> [What is being asked]:
The output must contain exactly the lines from the top of the listing below through the line containing "bet kokiam interjerui", and no pictures.

> [Exercise data]:
※

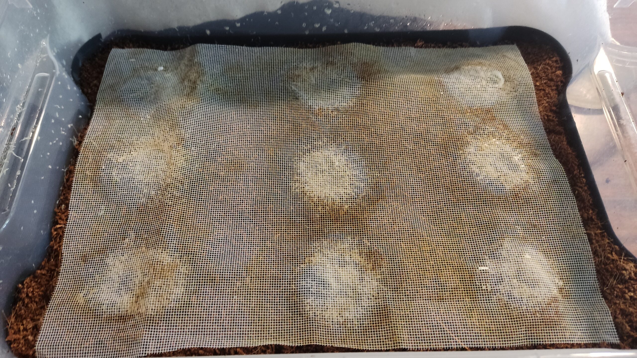 Назовем этот способ «разведение гриндаля на кокосовом субстрате с сетками для кормления». Занимаюсь этим червем долгое время, перепробовал много разных техник. Но на мой взгляд, это самая лучшая!
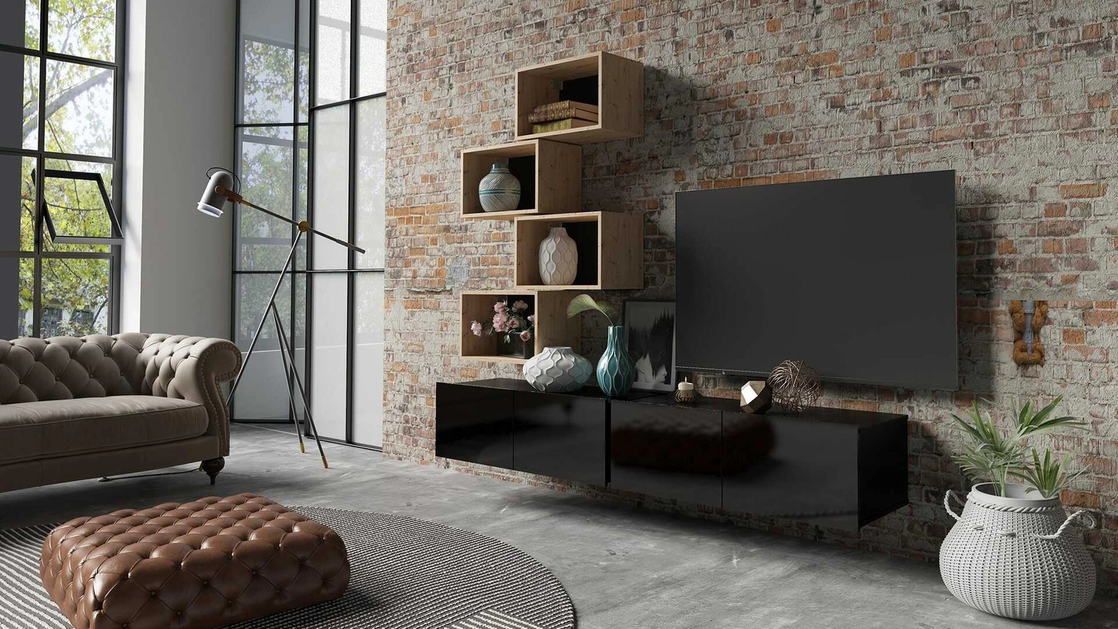 „Apulia XXX“ sieninė spintelė, juodai blizgi / dirbtinio ąžuolo, išskirtinai stilinga sieninė spintelė, paprastų formų, tinkančių bet kokiam interjerui
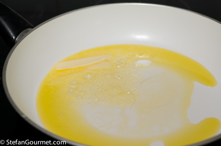 Heat 3 Tbsp olive oil and 3 Tbsp butter in a frying pan.
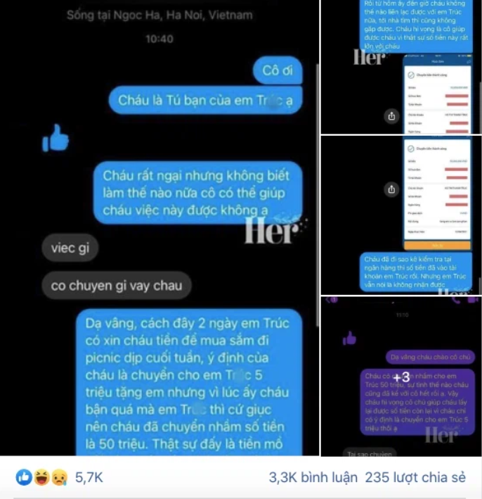 Em vì đang bận nên mắt nhắm mắt mở ấn nhầm từ 5 triệu thành 50 triệu và gửi đi. Đến khi kiểm tra tài khoản thì mới tá hỏa mình đã chuyển một số tiền quá lớn cho người yêu, ấy vậy mà em ấy không hề có phản ứng gì.

※

> [Answer box]:
 Назовем этот способ «разведение гриндаля на кокосовом субстрате с сетками для кормления». Занимаюсь этим червем долгое время, перепробовал много разных техник. Но на мой взгляд, это самая лучшая!
 „Apulia XXX“ sieninė spintelė, juodai blizgi / dirbtinio ąžuolo, išskirtinai stilinga sieninė spintelė, paprastų formų, tinkančių bet kokiam interjerui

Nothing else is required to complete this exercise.